Folha - O que o senhor mais tenta passar aos seus alunos nas aulas que dá?
Shinohara - A praticar o judô com seriedade e disciplina. Vencer é bonito, mas não é tudo.
Folha - Mas a maioria não quer praticar para participar de uma Olimpíada?
Shinohara - Eles aprender que vencer não é tudo.
Um exemplo: tive um aluno, há cerca de 30 anos, que era muito bom, mas ficou convencido, achando que era o melhor.
Ele começou a atrapalhar as aulas. Por ser forte, deixava os outros alunos inibidos.
Um dia, cheguei e disse: "A aula hoje é uma luta entre nós dois. Os outros vão assistir, somente".
Lutamos e eu venci. Ele chorou muito naquele dia, mas aprendeu que era melhor praticar com seriedade do que querer ganhar de todos.
Folha - O senhor ainda tem contato com esse seu aluno?
Shinohara - Sim. Ele é policial e costuma fazer ronda na região onde moro.
Folha - Ele se lembra desse fato?
Shinohara - Toda vez que o vejo trabalhando, ele me cumprimenta gentilmente e pergunta como eu estou.

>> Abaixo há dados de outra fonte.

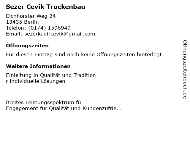 Öffnungszeiten Sezer Cevik Trockenbau in Berlin anzeigen | |

Eu sempre penso: "Acho que o judô que lhe ensinei salvou a vida dele".
Folha - Qual é o maior problema do judô no Brasil?
Shinohara - Muitos alunos não têm seriedade. Acham que é brincadeira. Se bagunçam, não são judocas. Se bagunçam, não praticam judô.
Folha - O que o senhor mais aprecia nos judocas brasileiros?
Shinohara - A vontade de aprender. Fico muito feliz quando eu vejo um aluno meu saindo do treino bastante cansado, suado.
O bom aluno é aquele que acha que todo treino é uma competição. E que tenta fazer bonito em todos os treinos.